Tuesday 30 March 2010

Respecting the participants rights

Anecdotal evidence is the worst kind, but if I call these anecdotes "case studies" then maybe I will be excused.

This post came about after my recent sojourn at an Autism study weekend where I was privileged to run a workshop on Autistic culture and politics.

Anyway to the facts. I will not identify any particular studies by name, out of the same respect due to the researchers that they owe to participants (and also for other reasons that will become apparent)

Only one of these studies relates to autism, the other is mainstream 'disability studies' and the third a neurological study undertaken on the web.

Although this site has been concerned principally with what I have called the meta-ethics of social responsibility, studies nonetheless still owe that conventional ethical mark of not being injurious to their participants.

To begin with, the first study was a classic piece of qualitative research, which involved in depth interviews with a number of 'subjects' regarding their attitudes toward and personal experiences of disability and impairment.

I can honestly say I enjoyed this experience, even though I was recorded during what the researcher knew to be a stressful experience for me, just so that he could record the stress, it was still in the context of something I did every day, and it ended in this instance in the pub.

This researcher has been good enough to let his participants choose their own anonymous pseudonyms, and to provide them with details of the transcripts as he has written them up, checking with them whether they were happy for that detail to go into the research. Furthermore I enjoyed another more recent session in the pub with him, where he showed me more of his work. In this case I was quite happy not only with the way I was treated but with the eventual outcome of this research which will be to suggest alternative models of disability besides the social and the medical model.

The second piece of research was presented during one of the sessions at the Study weekend and concerned a similar piece of "ethnographic" research that I had just been participating in. I thought it appropriate, as this experience was still fresh in my mind to ask if the researcher had done any of the things with her participants, in terms of giving them the choice of pseudonym, letting them see and discuss the transcripts and involving them in the outcome of the research. She said that she had not. I thought after that session that never mind her intentions that she was treating the participants as grist to the academic mill.
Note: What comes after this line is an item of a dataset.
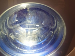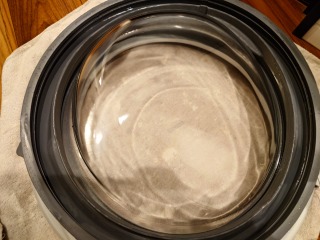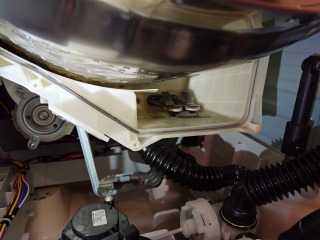 中に入っている水の遠心力の力で洗濯槽をスムーズに回すための流体バランサーです。ケース部を清掃しました(画像は清掃前、清掃後)

Interesting case studies to be reported and that was that. I have no doubt that in all other respects the research satisfied conventional ethical concerns as much as my own does.
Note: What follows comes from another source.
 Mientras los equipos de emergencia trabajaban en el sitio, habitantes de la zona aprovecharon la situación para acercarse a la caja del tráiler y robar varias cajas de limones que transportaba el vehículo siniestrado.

The third piece of research has made me feel, as a participant seeing my contribution printed on a web site for all to see, as if I had been stripped naked and thrown into a crowded disco (I do know what that feels like because that happened to me once) I will not mention the site or the research because I don't want people to go and see all that, but this research that was conducted over the internet, not only has gathered together all my usenet postings on a certain topic (although they are under a pseudonym, it is nonetheless the actual name I signed the posting with and thus identifiable to many people) but that gathered together postings made on private medical fora where the researcher had obviously been lurking (indeed that is how I was recruited). Ok the first posts are available to anyone who can google, but the second set are only available to those signed on to the fora in question. The third level of transgression goes even higher, in that this same site contains all of the email correspondence between myself and the researcher which is essentially taking a medical history from me, as well as some private asides. I can't recall whether I gave him permission to use the correspondence in the research, I may have done, but I did not expect to find any of it any where else but in a journal or paper, certainly not for anyone to view on the internet.

In terms of what I personally gained from that errant piece of research I have to confess, I did gain a medical diagnosis and an explanation of a number of neurological symptoms I have had over a great many years and for which I had been searching for answers since my teens when I first became aware that they were not 'normal' and I do believe that the objective of this research in terms of meta-ethics is concerned with giving a more positive portrayal of that particular impairment much as the first piece of research is, and I don't suppose the conclusions of the two of them will be that far away from each other, even if one has been undertaken by a sociologist and the second a psychiatrist. But did the psychiatrist have to put every last detail of my "secret" history on the web?

All things to be considered by every researcher, and ending on a positive note. I have to say that I did hear a   a very good lecture on many of these ethical concerns during the study weekend so that I hope at least some autism researchers will pick up on this.